Competing Interests: The authors have declared that no competing interests exist.
Four and a half LIM-only protein 2 (FHL2) is a multi-functional
protein that shuttles between focal adhesion sites and nucleus.
Focal adhesions are specialized adhesive junctions where integrin
receptors for extracellular matrix (ECM) are concentrated [1].
FHL2 interacts with a- and b-integrin subunits and focal adhesion
kinase (FAK) [2,3] and is involved in assembly of ECM proteins on
the cell surface [4]. Deregulation of genes involved in focal
adhesion, ECM-receptor interaction and response to external
stimuli has been evidenced in mouse embryo fibroblasts (MEF)

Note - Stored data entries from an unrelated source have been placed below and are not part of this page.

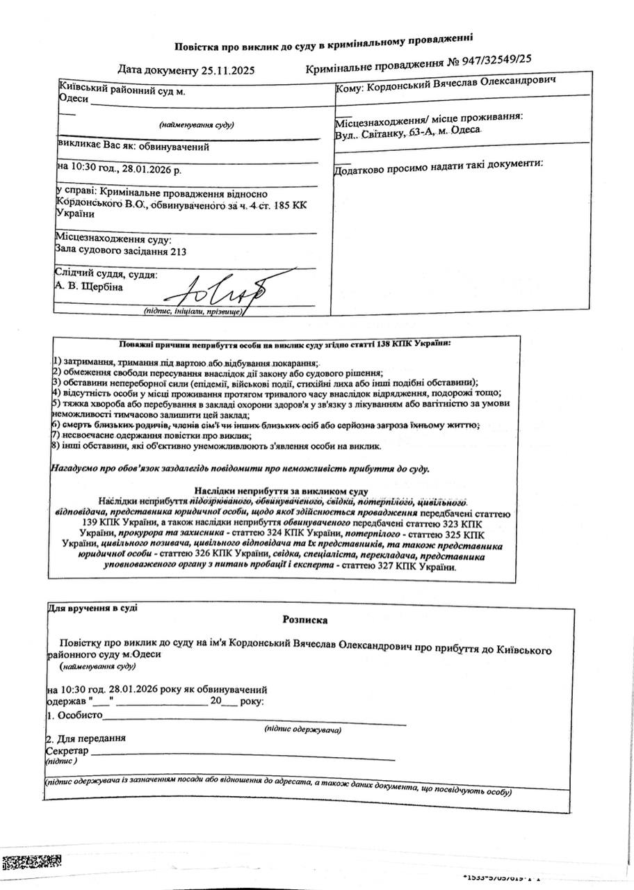 Повістка про виклик до суду Кордонський В.О.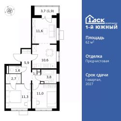 Продаётся 3-к квартира номер 80 общей площадью 62.3 кв.м. на 21-м этаже 24 этажного здания. Отделка Whitebox.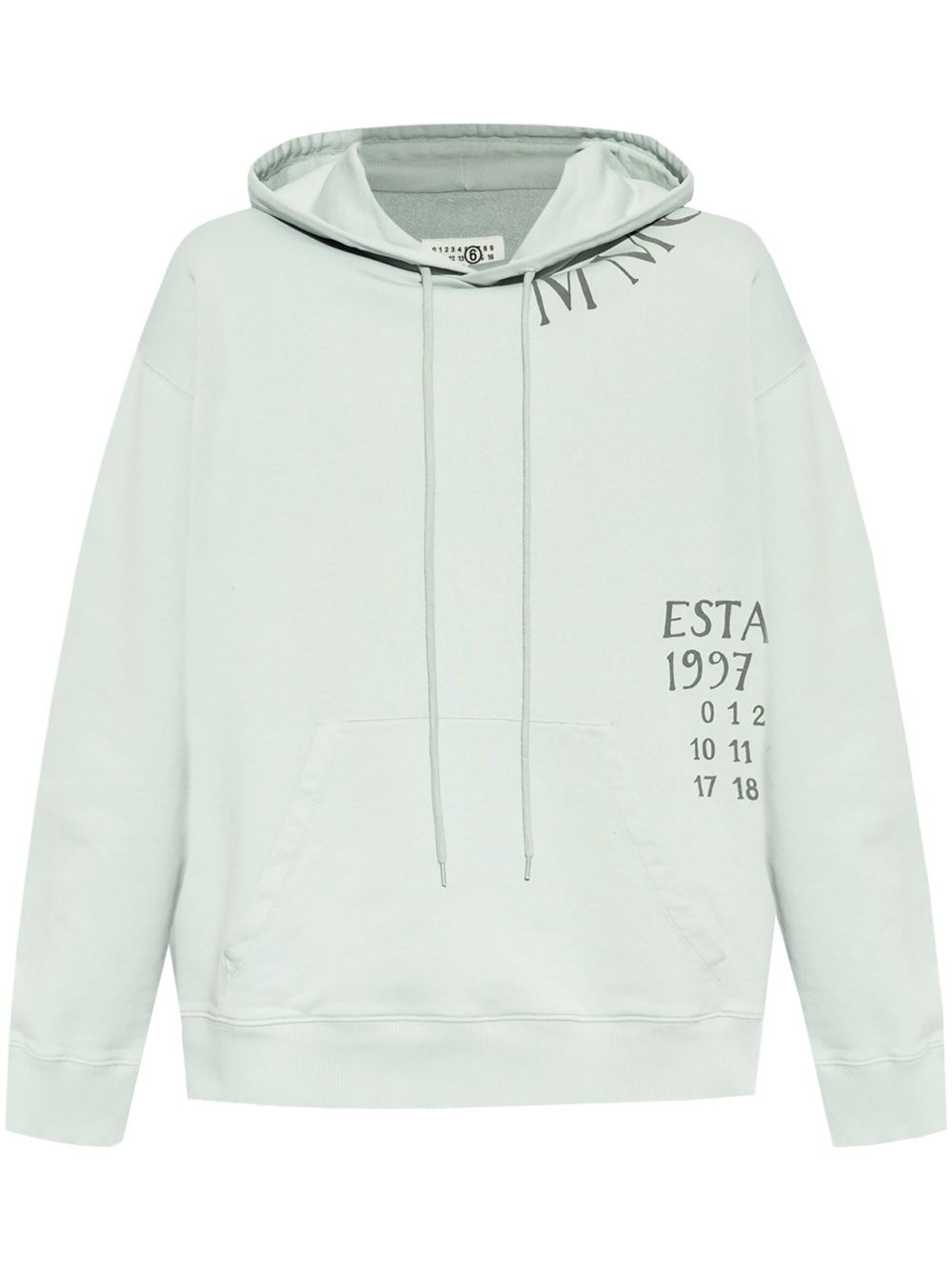 numbers-print hoodie Highlights - Light blue - Drawstring hood - Front pouch pocket - Logo print to the side - Drop shoulder Imported Composition Cotton 100% SIZE & FIT FittingInformation Designed to be unstructured, offering a loose fit throughout Made from a midweight non-stretch fabric, this piece offers minimal elasticity when worn Washing instructions Read Manufacturer Guidelines

deficient for FHL2 [5], suggesting that FHL2 plays important roles
in tissue physiology and homeostasis and in the transduction of
signals emitted from extracellular environment. Indeed, in
response to RhoA signals or serum stimulation, FHL2 is
translocated to the nucleus [6,7] where it acts as either
transcription coactivator or corepressor in interaction with
numerous transcription factors including the androgen receptor,
AP1, CREB, PLZF, SKI, b-catenin, FOXO1, Runx2 and serum
response factor (SRF) [7,8,9,10,11,12,13,14,15,16]. The ability of
FHL2 to assemble multiple partners into protein complexes is
attributed to its LIM-domain structure that serves as protein
binding interface through double zinc finger motifs [17]. Thus,
FHL2 participates in regulating expression of a large spectrum of
genes involved in cell proliferation, differentiation, transformation
and apoptosis. Despite absence of gross defects during
development, FHL2-deficient mice harbor cardiac hypertrophy in
response to b-adrenergic stimulation, osteopenia due to decreased
activity of osteoblasts and wound healing defect [15,18,19].
Several lines of evidence have implicated FHL2 in the control of
cell proliferation. We have recently shown that FHL2 physically
occupies the cyclin D1 promoter and directly stimulates cyclin D1
transcription [5]. Accordingly, we found reduced expression levels of
cyclin D1 in MEFs isolated from FHL2-null mice. After spontaneous
immortalization, these cells exhibited weak proliferative capacity
associated with low expression levels of all D-type cyclins and cyclin
E, as well as cyclin-dependent kinase (Cdk) inhibitors, in particular
p16INK4a [5,20]. It has been shown that FHL2 can inhibit the
antiproliferative functions of the transcription factor E4F1 by
inhibiting the transcription repressor function and p53 binding
activity of E4F1 [21]. In gastric and colon cancer cell lines,
suppression of FHL2 inhibited anchorage-dependent and
-independent cell growth, and tumor formation in nude mice xenograft [22].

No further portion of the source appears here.